RISE Seminar: 11/16/18 Diversity-promoting and large-scale machine learning for healthcare, a talk by Pengtao Xie
November 16, 2018
Title: Diversity-promoting and large-scale machine learning for healthcare
Speaker: Pengtao Xie
Date and location: Friday, November 16, 12:30 – 1:30 pm; Wozniak Lounge (430 Soda Hall)
In healthcare, a tsunami of medical data has emerged, including electronic health records, images, literature, etc. These data can be heterogeneous and noisy, which renders clinical decision-making time-consuming, error-prone and suboptimal. In this thesis, we develop machine learning (ML) models and systems for distilling high-value patterns from unstructured clinical data and making informed and real-time medical predictions and recommendations, to aid physicians in improving the efficiency of workflow and quality of patient care. When developing these models, we encounter several challenges: (1) How to better capture infrequent clinical patterns, such as rare subtypes of diseases; (2) How to make the models generalize well on unseen patients? (3) How to promote the interpretability of the decisions? (4) How to improve the timeliness of decision-making without sacrificing its quality? (5) How to efficiently discover massive clinical patterns from large-scale data?

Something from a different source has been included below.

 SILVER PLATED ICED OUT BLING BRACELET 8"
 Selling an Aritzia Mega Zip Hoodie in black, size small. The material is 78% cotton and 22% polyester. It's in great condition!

To address challenges (1-4), we systematically study diversity-promoting learning, which encourages the components in ML models (1) to diversely spread out to give infrequent patterns a broader coverage, (2) to be imposed with structured constraints for better generalization performance, (3) to be mutually complementary for more compact representation of information, and (4) to be less redundant for better interpretation. The study is performed in the context of both frequentist statistics and Bayesian statistics. In the former, we develop diversity-promoting regularizers that are empirically effective, theoretically analyzable and computationally efficient. In the latter, we develop Bayesian priors that effectively entail an inductive bias of “diversity” among a finite or infinite number of components and facilitate the development of efficient posterior inference algorithms. To address challenge (5), we study large-scale learning. Specifically, we design efficient distributed ML systems by exploiting a system-algorithm co-design approach. Inspired by a sufficient factor property of many ML models, we design a peer-to-peer system — Orpheus — that significantly reduces communication and fault tolerance costs.

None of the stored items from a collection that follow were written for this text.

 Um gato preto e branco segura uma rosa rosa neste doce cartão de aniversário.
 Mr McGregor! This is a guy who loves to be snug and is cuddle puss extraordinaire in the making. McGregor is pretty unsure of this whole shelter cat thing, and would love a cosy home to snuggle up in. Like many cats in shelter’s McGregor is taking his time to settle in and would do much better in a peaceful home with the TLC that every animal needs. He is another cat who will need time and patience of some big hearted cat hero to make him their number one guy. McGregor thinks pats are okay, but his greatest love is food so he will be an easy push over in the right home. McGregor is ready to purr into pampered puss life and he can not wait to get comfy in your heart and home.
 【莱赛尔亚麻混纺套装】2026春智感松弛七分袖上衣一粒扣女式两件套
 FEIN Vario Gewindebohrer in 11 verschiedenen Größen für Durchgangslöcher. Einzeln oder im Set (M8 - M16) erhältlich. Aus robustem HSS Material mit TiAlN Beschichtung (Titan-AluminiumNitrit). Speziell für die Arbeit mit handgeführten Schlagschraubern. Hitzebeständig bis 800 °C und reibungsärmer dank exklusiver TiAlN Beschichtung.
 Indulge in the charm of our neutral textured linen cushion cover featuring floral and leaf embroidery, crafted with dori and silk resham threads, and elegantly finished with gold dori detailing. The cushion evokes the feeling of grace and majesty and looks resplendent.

We apply the proposed diversity-promoting learning (DPL) techniques and distributed ML systems to address several critical issues in healthcare, including discharge medication prediction, automatic ICD code filling, automatic generalization of medical-imaging reports, similar-patient retrieval, hierarchical multi-label tagging of medical images, and large-scale medical-topic discovery. Evaluations on various clinical datasets demonstrate the effectiveness of the DPL methods and efficiency of the Orpheus system.

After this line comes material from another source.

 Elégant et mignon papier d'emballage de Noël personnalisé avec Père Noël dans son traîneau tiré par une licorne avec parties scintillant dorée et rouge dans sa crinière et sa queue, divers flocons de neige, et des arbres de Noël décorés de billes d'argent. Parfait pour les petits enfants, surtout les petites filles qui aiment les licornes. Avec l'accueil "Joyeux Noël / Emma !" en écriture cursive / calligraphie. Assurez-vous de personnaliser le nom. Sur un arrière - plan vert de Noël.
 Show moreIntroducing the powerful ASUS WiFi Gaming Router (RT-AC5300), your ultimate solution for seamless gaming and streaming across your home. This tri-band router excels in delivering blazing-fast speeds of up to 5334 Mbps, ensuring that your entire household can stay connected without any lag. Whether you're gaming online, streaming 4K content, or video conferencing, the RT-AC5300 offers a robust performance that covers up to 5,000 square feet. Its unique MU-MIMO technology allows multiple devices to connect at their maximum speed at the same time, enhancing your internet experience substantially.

Pengtao Xie is a research scientist at Petuum Inc, leading the research and product development in machine learning for multiple vertical domains, including healthcare, manufacturing, and finance. In his PhD study in the Machine Learning Department at Carnegie Mellon University, he worked on latent space models and distributed machine learning, with application to clinical decision-makings. He published about thirty papers at top-tiered machine learning, natural language processing, computer vision, and data mining conferences including ICML, JMLR, ACL, ICCV, KDD, UAI, IJCAI, AAAI, and serve as program committee members or reviewers for about twenty renowned conferences and journals. He won the 2018 Innovator Award presented by the Pittsburgh Business Times. He was recognized as a Siebel Scholar and was a recipient of the Goldman Sachs Global Leader Scholarship and the National Scholarship of China. He received MS degrees from Carnegie Mellon University and Tsinghua University and BS from Sichuan University.